The faecal lactoferrin level is a useful biomarker of the mucosal findings in ulcerative colitis. Although endoscopy is the gold standard, the faecal lactoferrin level can be used as a biomarker during GMA therapy in patients with ulcerative colitis.
Advantages of Fecal Lactoferrin Measurement during Granulocyte and Monocyte Adsorptive Apheresis Therapy in Ulcerative Colitis.
Keiichi Hashiguchi 1, Fuminao Takeshima, Yuko Akazawa, Kayoko Matsushima, Hitomi Minami, Haruhisa Machida, Naoyuki Yamaguchi, Ken Shiozawa, Kazuo Ohba, Ken Ohnita, Tatsuki Ichikawa, Hajime Isomoto, Kazuhiko Nakao, Digestion. 2015;91(3):208-17.
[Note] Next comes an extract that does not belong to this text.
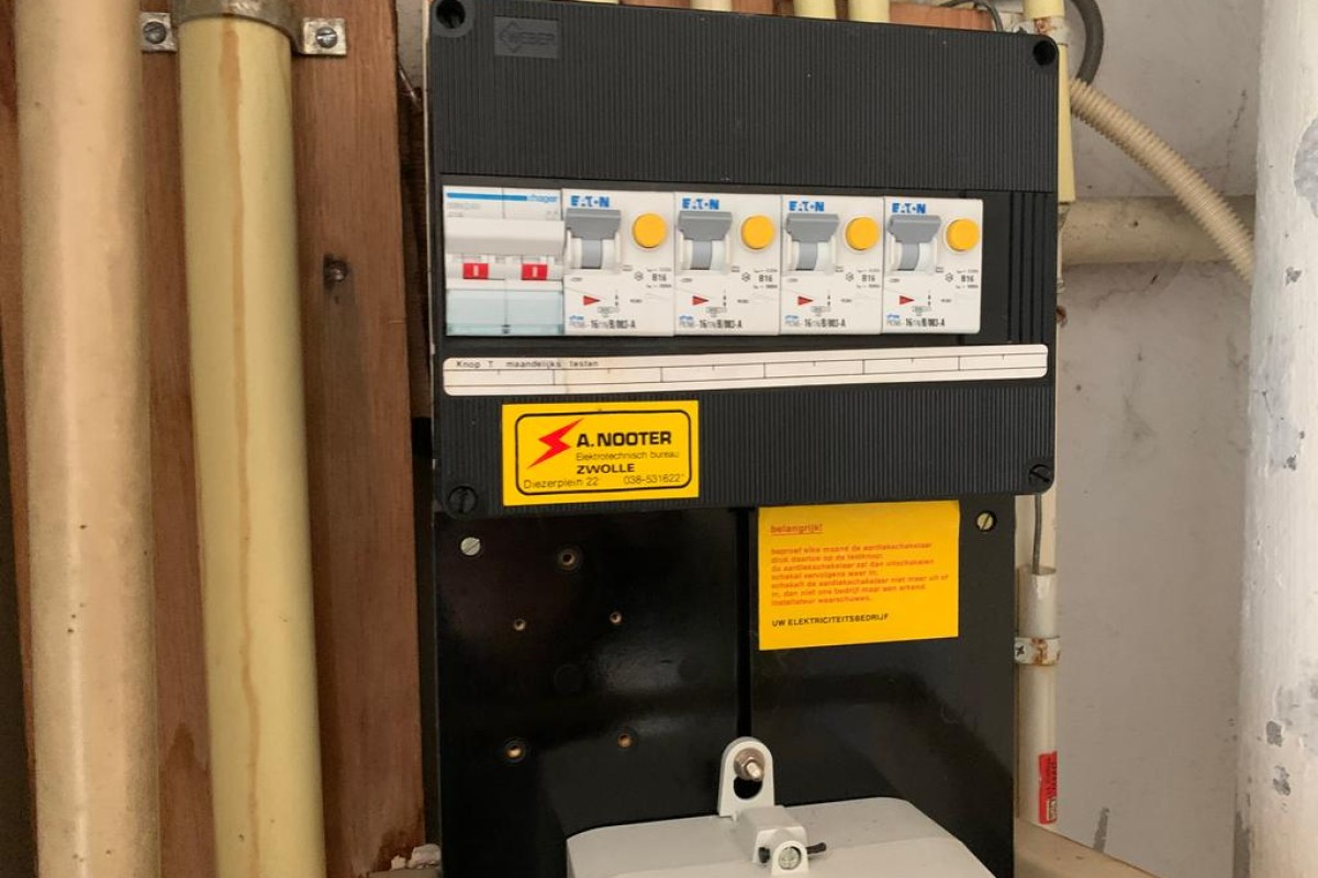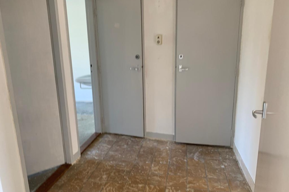 Hal met meterkast en toegang tot de keuken en woonkamer.

Background: Fecal lactoferrin has been introduced as a useful tool for the diagnosis and monitoring of inflammatory bowel disease (IBD). The aim of this study was to assess if fecal lactoferrin can be employed to predict or estimate the effect of granulocyte and monocyte adsorptive apheresis (GMA) in ulcerative colitis (UC). Methods: This was a prospective study involving 21 patients with UC. Patients with moderately-to-severely active UC who were scheduled to undergo GMA were recruited. Changes in fecal lactoferrin concentration were compared between the GMA-responder and -nonresponder groups. Results: In the GMA-responder group, fecal lactoferrin significantly increased 1 week after the introduction of GMA and then significantly decreased after GMA sessions. Fecal lactoferrin concentrations were significantly higher in the GMA-responder group than in the GMA-nonresponder group at 1 and 2 weeks after the introduction of GMA. Multivariate logistic regression analysis revealed that fecal lactoferrin concentration 1 week after the introduction of GMA was the most contributing factor for the effectiveness of GMA in patients with UC. Conclusions: In the GMA-responder group, fecal lactoferrin concentration significantly increased 1 week after the introduction of GMA. Fecal lactoferrin may be beneficial for predicting clinical response of GMA in patients with UC at an early stage of GMA treatment.